I rose and bathed my eyes. They were swollen from crying and my throat ached abominably. And then, with a tremendous effort, I opened my door and went out to find Mercedes.

She was in her room, shaken but quite recovered, and full of gratitude to Wright for seeing her danger and pulling her away just in time.

"Where were you?" she asked anxiously. "You weren't hurt, were you? You look dreadfully, Mavis!"

Hurt? Yes, I was hurt beyond healing. But Mercedes must not know.

"I was in no danger," I said, evasively. "I came in just as the storm was beginning."

"You heard the roof go then?" she asked. "Wasn't it awful? It is a wonder Bill wasn't killed--he was just driving the car in...."

"Bill?" I said, stupidly.

"What's the matter? Didn't he tell you? You're white as a sheet!"

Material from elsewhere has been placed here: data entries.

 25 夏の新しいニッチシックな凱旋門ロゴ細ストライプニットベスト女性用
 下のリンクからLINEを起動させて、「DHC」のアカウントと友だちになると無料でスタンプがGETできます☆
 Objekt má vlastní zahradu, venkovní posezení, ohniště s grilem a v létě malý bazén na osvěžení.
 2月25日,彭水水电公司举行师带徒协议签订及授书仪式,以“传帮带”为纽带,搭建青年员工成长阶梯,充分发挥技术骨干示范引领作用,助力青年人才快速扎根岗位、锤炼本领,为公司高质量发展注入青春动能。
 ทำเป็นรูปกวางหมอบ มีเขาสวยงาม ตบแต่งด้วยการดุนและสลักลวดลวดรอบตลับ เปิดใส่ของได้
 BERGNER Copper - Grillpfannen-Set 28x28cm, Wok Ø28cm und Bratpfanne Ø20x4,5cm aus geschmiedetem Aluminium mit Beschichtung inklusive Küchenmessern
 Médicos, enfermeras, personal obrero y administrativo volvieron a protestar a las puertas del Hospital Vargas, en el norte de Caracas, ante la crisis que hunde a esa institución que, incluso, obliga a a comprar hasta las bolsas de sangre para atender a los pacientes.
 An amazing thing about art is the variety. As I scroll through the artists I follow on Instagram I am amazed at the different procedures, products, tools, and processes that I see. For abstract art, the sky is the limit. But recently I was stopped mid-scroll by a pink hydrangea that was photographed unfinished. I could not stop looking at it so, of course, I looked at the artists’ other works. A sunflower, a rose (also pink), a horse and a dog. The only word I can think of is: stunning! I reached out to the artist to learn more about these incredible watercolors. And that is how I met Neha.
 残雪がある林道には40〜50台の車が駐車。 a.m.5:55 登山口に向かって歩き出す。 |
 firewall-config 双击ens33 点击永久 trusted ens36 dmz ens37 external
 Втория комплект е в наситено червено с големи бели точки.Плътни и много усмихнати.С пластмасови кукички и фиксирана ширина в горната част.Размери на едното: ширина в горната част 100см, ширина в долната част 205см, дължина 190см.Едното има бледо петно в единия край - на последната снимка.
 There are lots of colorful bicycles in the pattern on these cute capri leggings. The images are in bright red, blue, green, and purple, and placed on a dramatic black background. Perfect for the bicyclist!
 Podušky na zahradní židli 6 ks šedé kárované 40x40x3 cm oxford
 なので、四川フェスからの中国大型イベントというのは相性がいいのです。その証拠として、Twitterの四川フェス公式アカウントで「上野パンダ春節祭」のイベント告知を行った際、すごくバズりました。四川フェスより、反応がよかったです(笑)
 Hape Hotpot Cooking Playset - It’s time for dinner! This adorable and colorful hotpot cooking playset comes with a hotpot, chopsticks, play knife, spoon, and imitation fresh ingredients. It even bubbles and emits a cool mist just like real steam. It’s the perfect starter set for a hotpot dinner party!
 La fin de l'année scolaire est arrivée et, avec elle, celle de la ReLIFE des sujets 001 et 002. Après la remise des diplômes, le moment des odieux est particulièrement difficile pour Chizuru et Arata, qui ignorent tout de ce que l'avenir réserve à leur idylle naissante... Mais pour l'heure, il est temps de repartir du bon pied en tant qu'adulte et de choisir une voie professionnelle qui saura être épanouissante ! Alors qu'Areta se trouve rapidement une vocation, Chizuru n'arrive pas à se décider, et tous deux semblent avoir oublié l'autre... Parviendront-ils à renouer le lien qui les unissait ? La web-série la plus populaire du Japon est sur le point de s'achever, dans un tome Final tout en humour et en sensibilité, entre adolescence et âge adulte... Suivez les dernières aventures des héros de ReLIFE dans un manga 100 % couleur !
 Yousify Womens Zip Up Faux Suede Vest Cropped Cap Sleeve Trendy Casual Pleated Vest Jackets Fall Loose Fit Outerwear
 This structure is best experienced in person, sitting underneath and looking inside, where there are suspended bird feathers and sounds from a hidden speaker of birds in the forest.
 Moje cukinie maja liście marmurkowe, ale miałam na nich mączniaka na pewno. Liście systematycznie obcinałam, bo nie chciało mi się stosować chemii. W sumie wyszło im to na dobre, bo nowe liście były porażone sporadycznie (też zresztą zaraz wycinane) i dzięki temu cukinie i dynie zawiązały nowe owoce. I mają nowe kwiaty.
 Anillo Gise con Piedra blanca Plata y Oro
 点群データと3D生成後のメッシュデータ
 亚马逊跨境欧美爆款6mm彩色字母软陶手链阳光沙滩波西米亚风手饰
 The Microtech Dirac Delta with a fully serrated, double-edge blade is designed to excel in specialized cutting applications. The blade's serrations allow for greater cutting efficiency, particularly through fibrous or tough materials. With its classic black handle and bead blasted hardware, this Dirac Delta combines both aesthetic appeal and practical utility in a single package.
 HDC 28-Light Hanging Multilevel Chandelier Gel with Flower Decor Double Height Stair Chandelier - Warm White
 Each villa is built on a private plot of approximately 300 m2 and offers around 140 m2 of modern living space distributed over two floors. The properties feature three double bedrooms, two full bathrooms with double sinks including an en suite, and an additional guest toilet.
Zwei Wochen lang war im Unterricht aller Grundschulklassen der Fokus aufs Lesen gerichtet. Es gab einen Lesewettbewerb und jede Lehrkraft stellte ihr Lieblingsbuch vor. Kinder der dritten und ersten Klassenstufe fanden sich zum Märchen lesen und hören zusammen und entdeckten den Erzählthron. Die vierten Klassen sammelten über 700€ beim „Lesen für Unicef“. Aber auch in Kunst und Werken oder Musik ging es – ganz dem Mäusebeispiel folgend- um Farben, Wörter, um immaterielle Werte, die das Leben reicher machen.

She jumped up from the bed and put her arms about me.

"Mavis, are you faint? Let me call Bill!"

"Please don't," I said. "I'm all right now."

The dreadful dizziness had passed: my ears stopped singing and the room assumed its normal aspect again.

"If you don't mind," I said, "I'll lie down beside you for a bit. Please don't tell anyone. I'm nervous, I suppose, and upset."

And so, it was in Mercedes Howells' arms that I finally cried myself into calmness. And Mercedes, suddenly tender and very gentle, never asked why, and, bless her heart, never told.